Task statement
Find the line below with "Duminica, 4 noiembrie" and the line with "工作日早間至上午時(shí)". Output exactly those lines and everything between them, leaving out the pictures.

Record set
****************************************
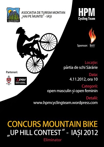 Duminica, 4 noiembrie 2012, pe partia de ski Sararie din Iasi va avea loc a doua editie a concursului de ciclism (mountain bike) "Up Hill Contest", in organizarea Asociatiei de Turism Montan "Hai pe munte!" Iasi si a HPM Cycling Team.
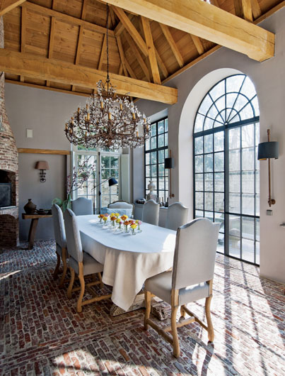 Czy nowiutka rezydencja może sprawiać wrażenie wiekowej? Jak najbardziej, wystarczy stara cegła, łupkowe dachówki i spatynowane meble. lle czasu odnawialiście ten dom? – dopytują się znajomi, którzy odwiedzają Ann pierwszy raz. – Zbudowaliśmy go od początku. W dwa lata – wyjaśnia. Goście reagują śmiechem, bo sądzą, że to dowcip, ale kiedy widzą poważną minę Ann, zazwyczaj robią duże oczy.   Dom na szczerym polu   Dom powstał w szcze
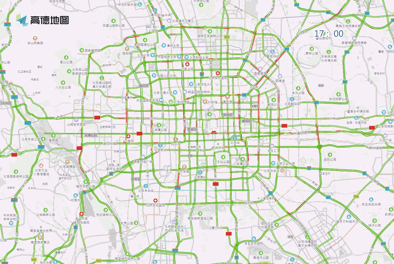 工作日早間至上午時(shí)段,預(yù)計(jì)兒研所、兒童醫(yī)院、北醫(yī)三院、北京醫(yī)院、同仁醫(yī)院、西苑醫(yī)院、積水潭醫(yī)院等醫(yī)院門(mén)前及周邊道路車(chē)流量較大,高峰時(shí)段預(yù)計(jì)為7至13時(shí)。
****************************************
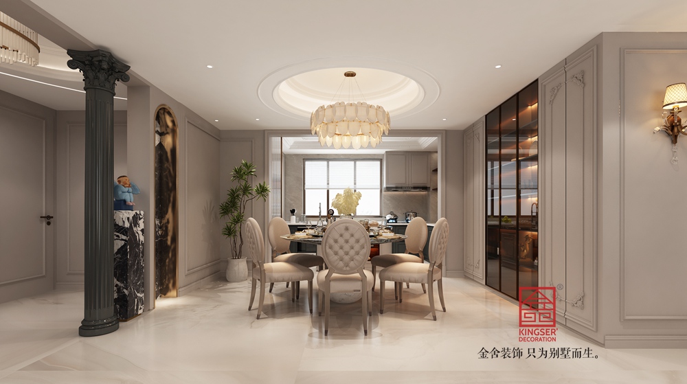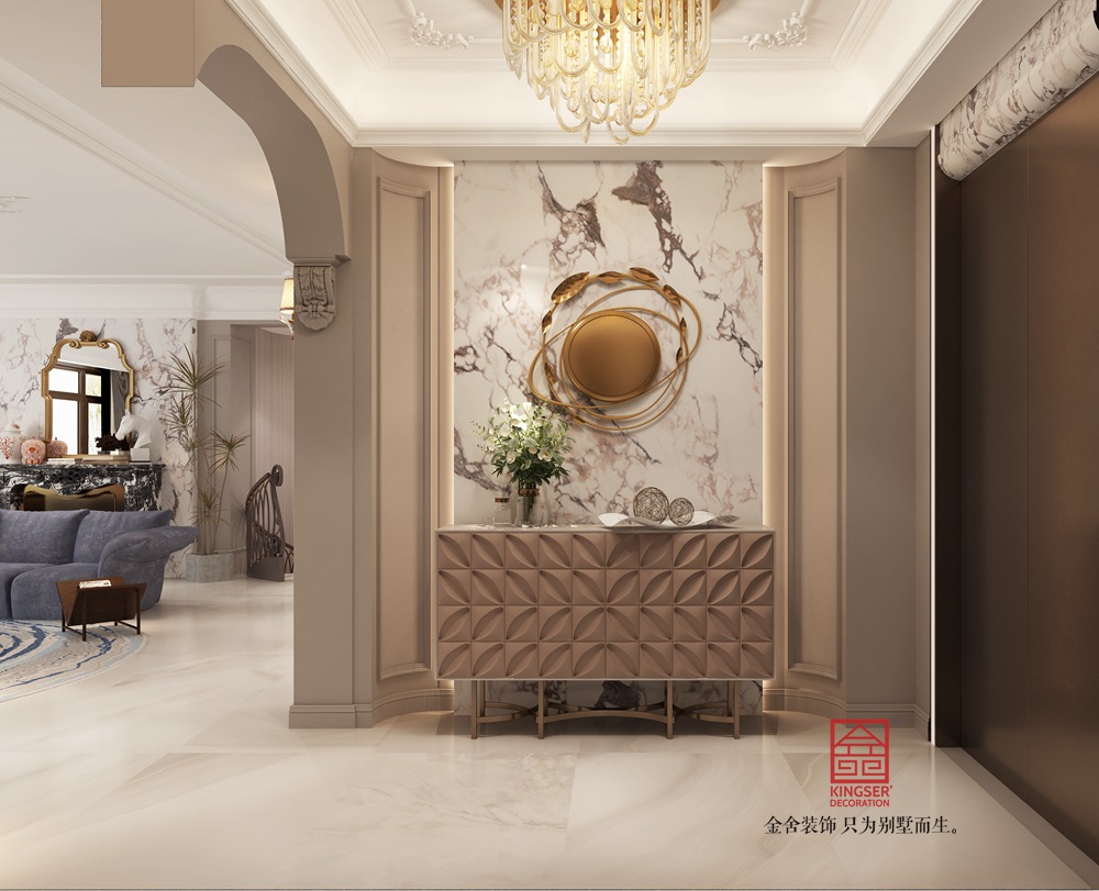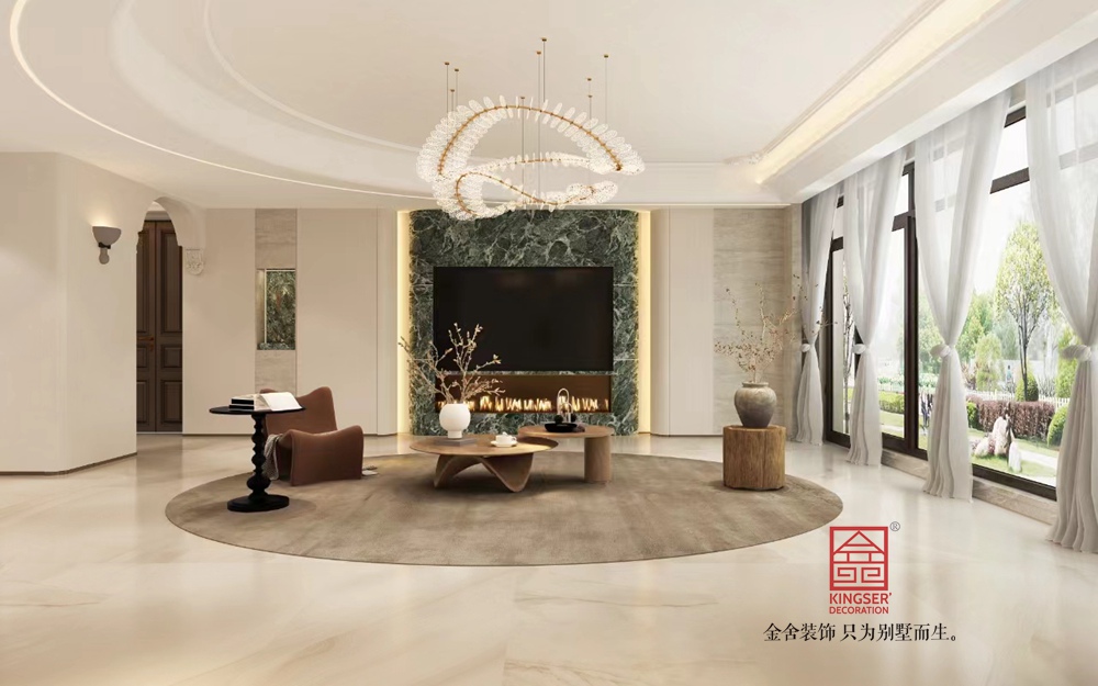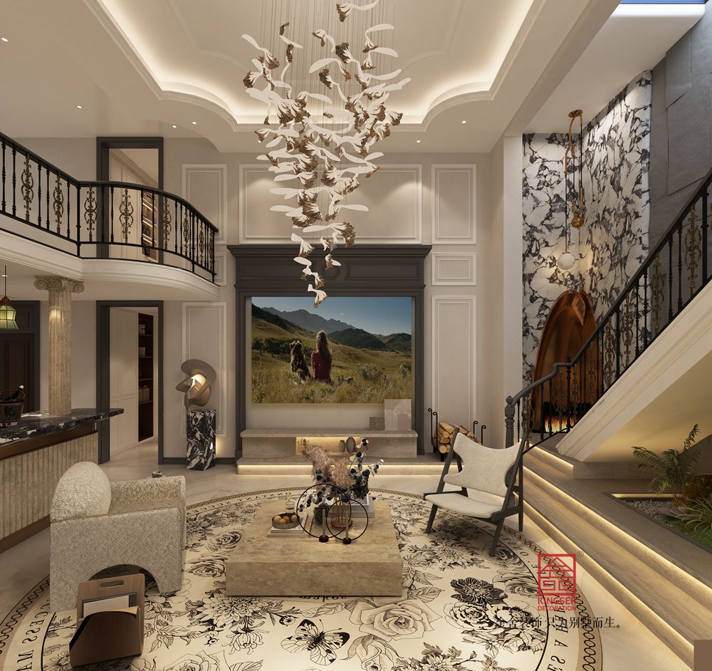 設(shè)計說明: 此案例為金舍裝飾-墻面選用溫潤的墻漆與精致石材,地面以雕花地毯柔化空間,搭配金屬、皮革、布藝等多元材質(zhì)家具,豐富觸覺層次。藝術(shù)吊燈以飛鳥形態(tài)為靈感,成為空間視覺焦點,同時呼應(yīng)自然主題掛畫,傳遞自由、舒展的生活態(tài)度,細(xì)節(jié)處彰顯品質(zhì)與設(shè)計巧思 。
****************************************
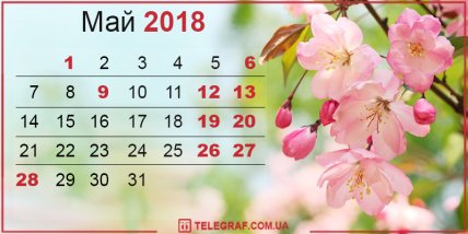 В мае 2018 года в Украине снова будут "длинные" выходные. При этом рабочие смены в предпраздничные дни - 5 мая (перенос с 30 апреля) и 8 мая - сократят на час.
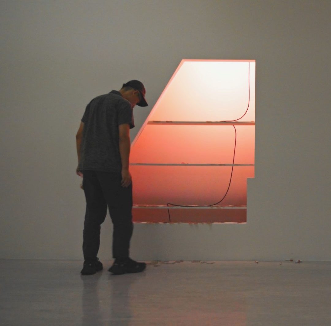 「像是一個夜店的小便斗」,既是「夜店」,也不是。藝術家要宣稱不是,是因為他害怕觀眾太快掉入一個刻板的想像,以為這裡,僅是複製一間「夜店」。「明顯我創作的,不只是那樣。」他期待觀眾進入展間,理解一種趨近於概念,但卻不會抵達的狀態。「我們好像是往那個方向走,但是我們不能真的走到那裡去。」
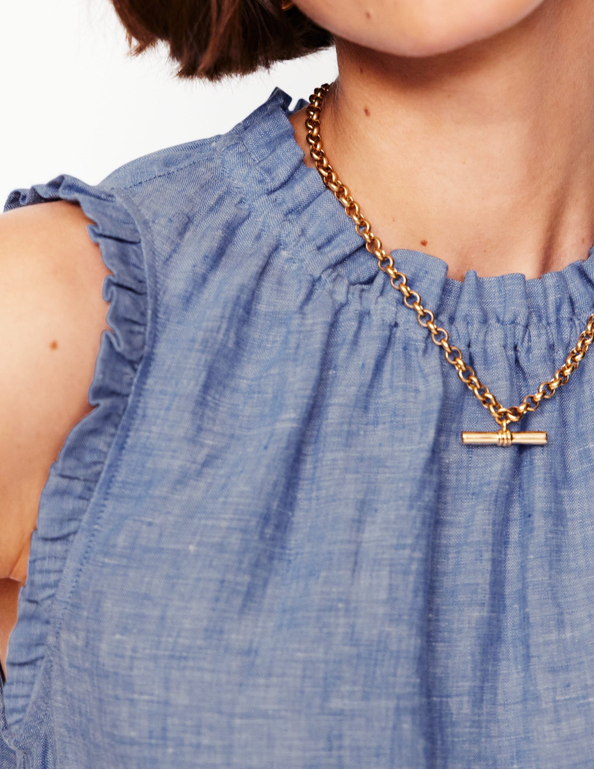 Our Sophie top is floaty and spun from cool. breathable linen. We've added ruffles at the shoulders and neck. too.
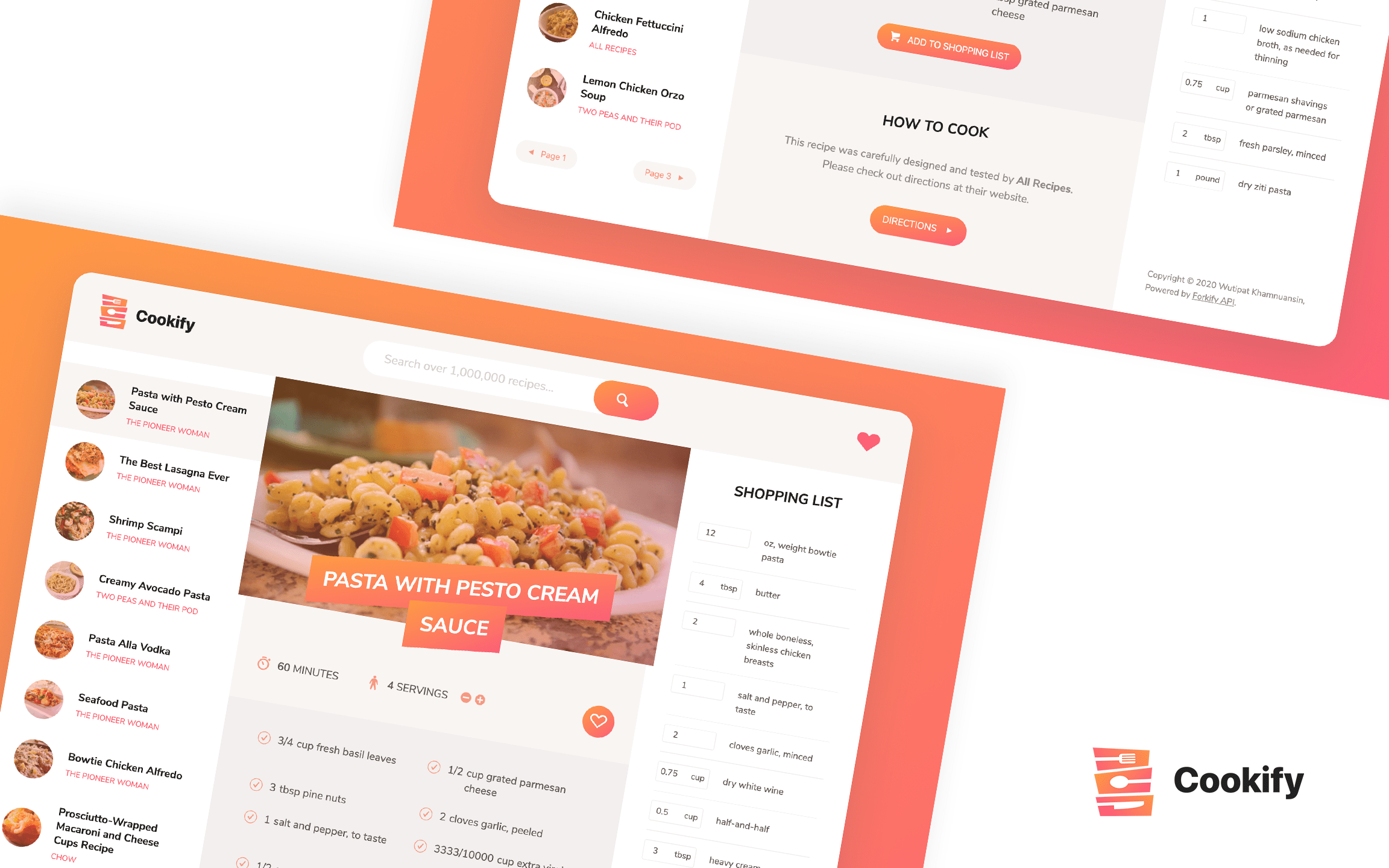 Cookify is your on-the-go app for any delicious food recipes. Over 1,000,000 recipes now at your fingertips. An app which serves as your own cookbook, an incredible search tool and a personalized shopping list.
****************************************
Result of this exercise
 Duminica, 4 noiembrie 2012, pe partia de ski Sararie din Iasi va avea loc a doua editie a concursului de ciclism (mountain bike) "Up Hill Contest", in organizarea Asociatiei de Turism Montan "Hai pe munte!" Iasi si a HPM Cycling Team.
 Czy nowiutka rezydencja może sprawiać wrażenie wiekowej? Jak najbardziej, wystarczy stara cegła, łupkowe dachówki i spatynowane meble. lle czasu odnawialiście ten dom? – dopytują się znajomi, którzy odwiedzają Ann pierwszy raz. – Zbudowaliśmy go od początku. W dwa lata – wyjaśnia. Goście reagują śmiechem, bo sądzą, że to dowcip, ale kiedy widzą poważną minę Ann, zazwyczaj robią duże oczy.   Dom na szczerym polu   Dom powstał w szcze
 工作日早間至上午時(shí)段,預(yù)計(jì)兒研所、兒童醫(yī)院、北醫(yī)三院、北京醫(yī)院、同仁醫(yī)院、西苑醫(yī)院、積水潭醫(yī)院等醫(yī)院門(mén)前及周邊道路車(chē)流量較大,高峰時(shí)段預(yù)計(jì)為7至13時(shí)。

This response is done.